Let $$\theta_1$$ be the angle between two lines $$2x + 3y + c_1 = 0$$ and $$-x + 5y + c_2 = 0$$ and $$\theta_2$$ be the angle between two lines $$2x + 3y + c_1 = 0$$ and $$-x + 5y + c_3 = 0$$, where $$c_1, c_2, c_3$$ are any real numbers :
Statement-1: If $$c_2$$ and $$c_3$$ are proportional, then $$\theta_1 = \theta_2$$.
Statement-2: $$\theta_1 = \theta_2$$ for all $$c_2$$ and $$c_3$$.
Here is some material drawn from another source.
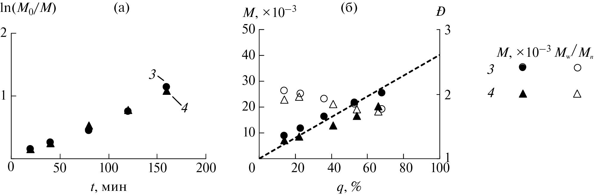 Рис. 2. Кинетические зависимости (а) и зависимости молекулярно-массовых характеристик полученных полимеров от конверсии (б) при полимеризации ММА при под действием каталитической системы на основе комплексов 3 (кружки) и 4 (треугольники) в присутствии 25 об. % толуола. Темные точки – М × 10–3, светлые – Ɖ; [MMA] : : [CCl4] : [Ru] : [i-PrNH2] = 10000 : 25 : 1 : 40. Т = 80°С. Пунктирная линия – теоретически рассчитанное значение молекулярной массы.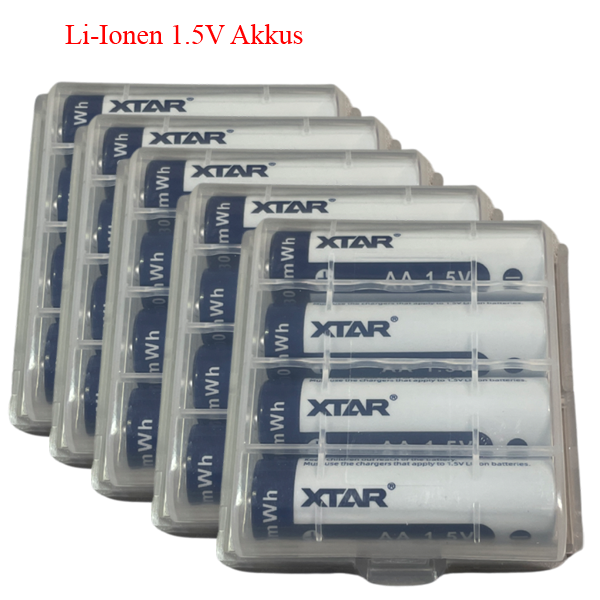 5x 4er Pack Xtar AA 1.5V 3300mWh (2000mAh) Li-Ion Akku in der Plastikbox

To solve this problem, we need to evaluate two statements about the angles between given lines. Recall that the angle between two lines depends only on their slopes, not on the constant terms in their equations. The slope of a line given by $$ax + by + c = 0$$ is $$m = -\frac{a}{b}$$.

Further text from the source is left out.